At present it is Trump's impact future inflation expectations in the US, UK and Europe that is driving significant global money flows that for years have favoured the likes of high-yielding jurisdictions like South Africa.
Trump’s plan to increase stimulus by $1 trillion in an effort to kick-start anaemic growth in the US increased inflation expectations which in turn saw a corresponding rise in lending rates and bond yields as investors demanded more return for holding assets that could in the future be eroded by higher inflation.
“Rising US bond yields sparked a sell-off of high carry currencies across the world. Potential US trade protectionism was another negative factor at play. The high beta South African Rand was badly hit as a result. ZAR was also hurt by rising downgrade risks before yearend,” says Alvin Tan at Societe Generale.
Since many EM companies have US Dollar denominated debts, many of which also originate in the US, it is feared the rise in US interest rates could translate into higher debt repayments which will weigh on countless EM balance sheets.
The current rally in the Dollar has also made US debt even more expensive for EM businesses to service.

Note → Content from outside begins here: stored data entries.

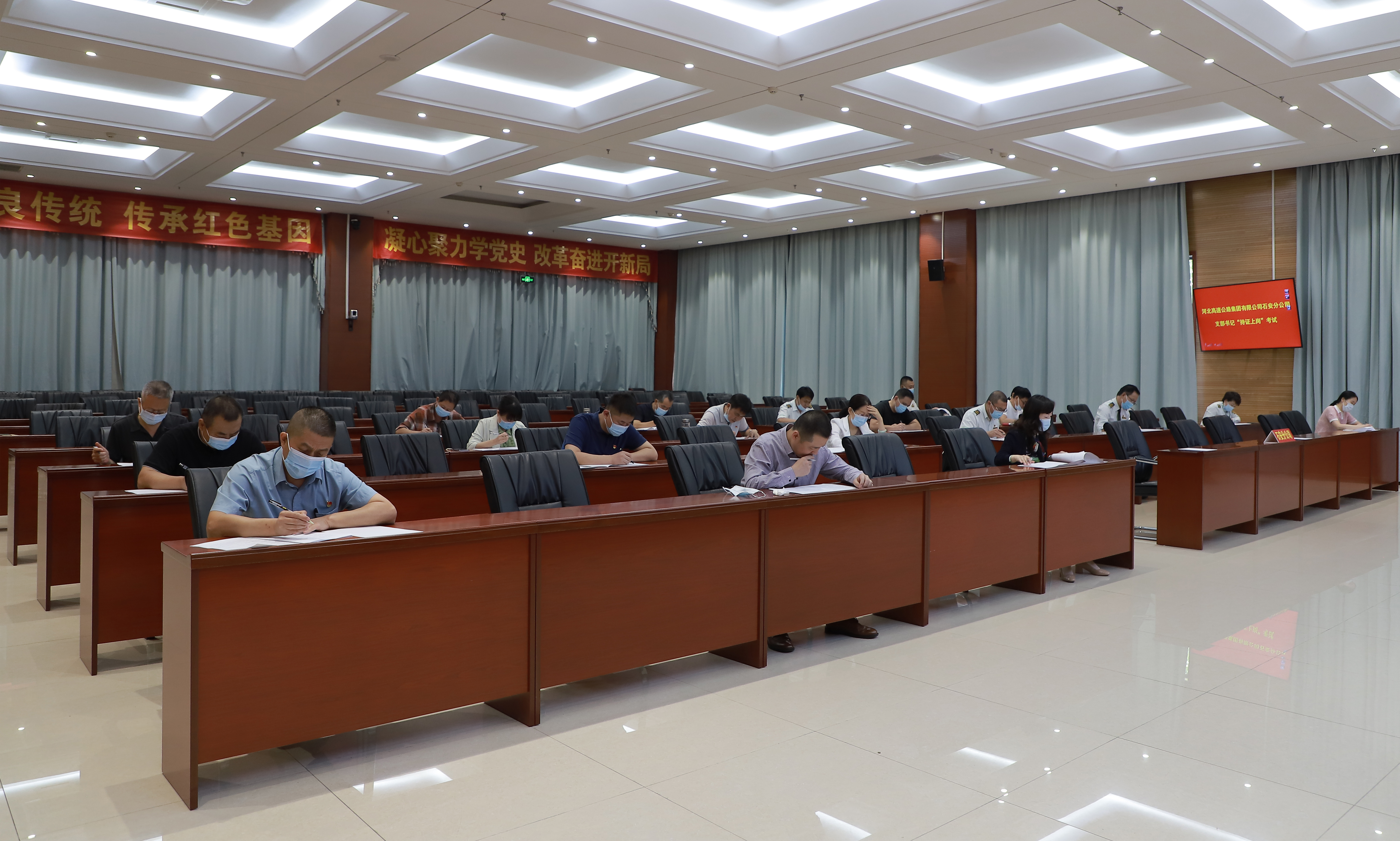 考虑疫情防控需要,此次考试设石家庄、邢台、邯郸3个考场,监考组由分公司办公室、纪检监督室、党委组织部相关人员组成,分赴各片区监考,同时开展远程视频监考和全程实时录像,最大程度保证了考试的公平公正。据统计,此次考试合格率达100%。
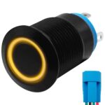 ProRide Metalen Pulsschakelaar 12V OFF-(ON) – 12mm – Momentschakelaar met Aansluitkabel – Spatwaterdicht – 12V/24V – LED Indicatie Geel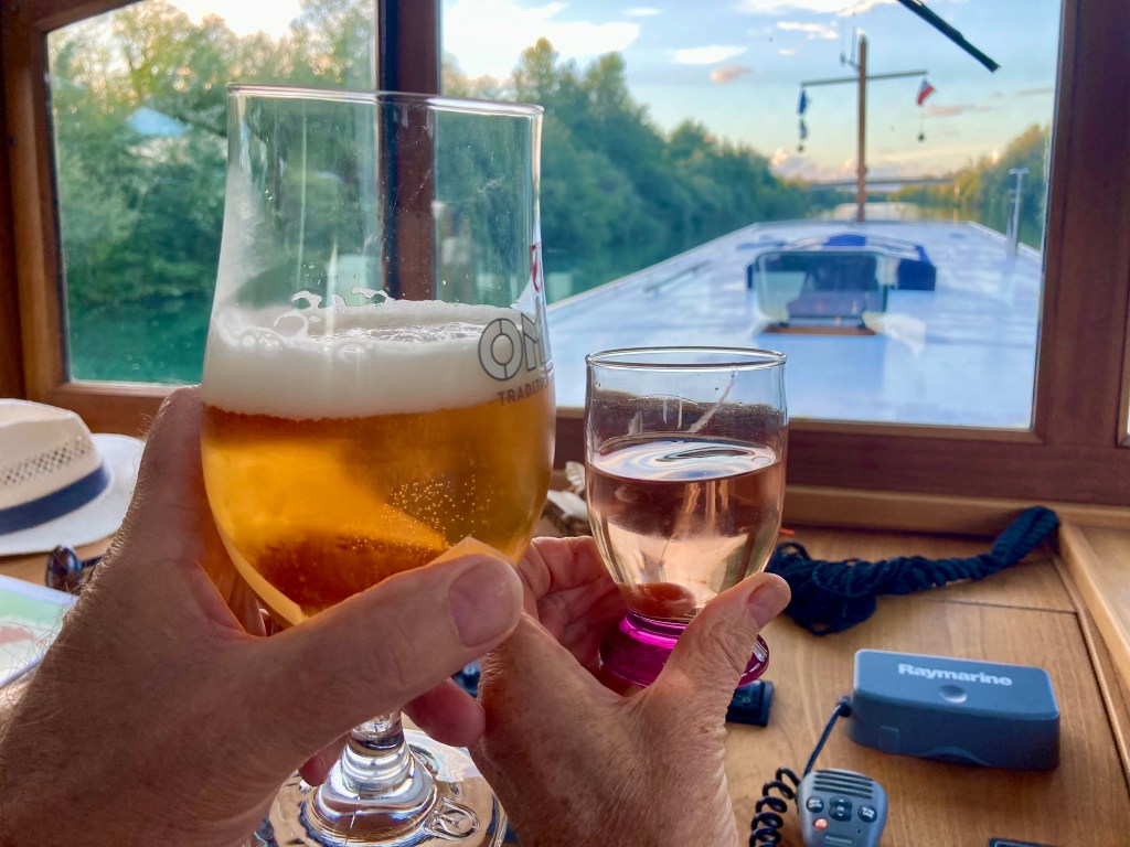 Cheers Captain – our pilot has left, we are off the Rhine, and back to our own devices. We have done it! It may not seem much to most of you, but we had been apprehensive about being on the Rhine and needing a pilot. In fact it was simple, enjoyable and educational, though a long day for people who usually aim for a maximum of 4 hours cruising!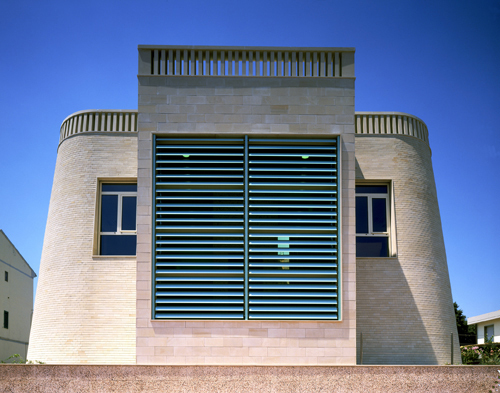 Nel centro di Castagneto Carducci, lungo la strada principale e vicino alla stazione ferroviaria, l'edificio ospita il quartier generale della Banca di Castagneto Carducci. Ledificio si sviluppa su tre piani, per complessivi 750 mq. Le aree operative si trovano al piano terra, mentre al piano primo ci sono gli uffici direzionali e le sale riunione. Il piano più basso (semi-interrato) è riservato a spazi multi-funzione, accessibili anche direttamente dall'esterno. L'edificio è interamente rivestito con pietra Calasina, una pietra arenaria spagnola.

Expectations of increased stimulus and growth in the US fed a backflow into the US, which led to a rise in the US stock market, with the Dow rising 218 points on Thursday, as investors took a positive view of the outlook for the US economy.
Much of the money appears to have been made up of repatriation flows from previous emerging market investments.
Recent homegrown data from South Africa has not been particularly positive either, so there was no offsetting influence from that quarter.
“Local news is having no impact on the market but it is, nevertheless, worth keeping an eye on. As expected, the no-confidence motion was a motion of no hope. Both mining and manufacturing numbers for September, meanwhile, came in better than expected although these sectors still subtracted from GDP in 3Q16, affirming our view of weak growth in the quarter,” said John Cairns of Rand Merchant Bank (RMB).
British Pound ‘Darling’ of Trump Ascendancy
The Pound has become the unlikely beneficiary of Donald Trump’s win after it rose even more than the US Dollar following his election on Wednesday.
This is because inflation expectations have risen in the UK in tandem with the US and bond yields are also rising.
Since Brexit the Pound has not been taking notice of yields and has actually become grossly undervalued according to this metric.
The Trump-trade has seen many investors realise this fact and there is a massive repricing of the currency underway.
An additional reason for the Pound’s strength is Trump’s pre-election promise that he would place the UK at the front of the queue in any trade talks.
Whilst we remain sceptical as to how good a deal; the UK will get of an agreement with the US, who will be in a much stronger negotiating position to the isolated UK, a trade deal may come quicker as a result of Trump presidency.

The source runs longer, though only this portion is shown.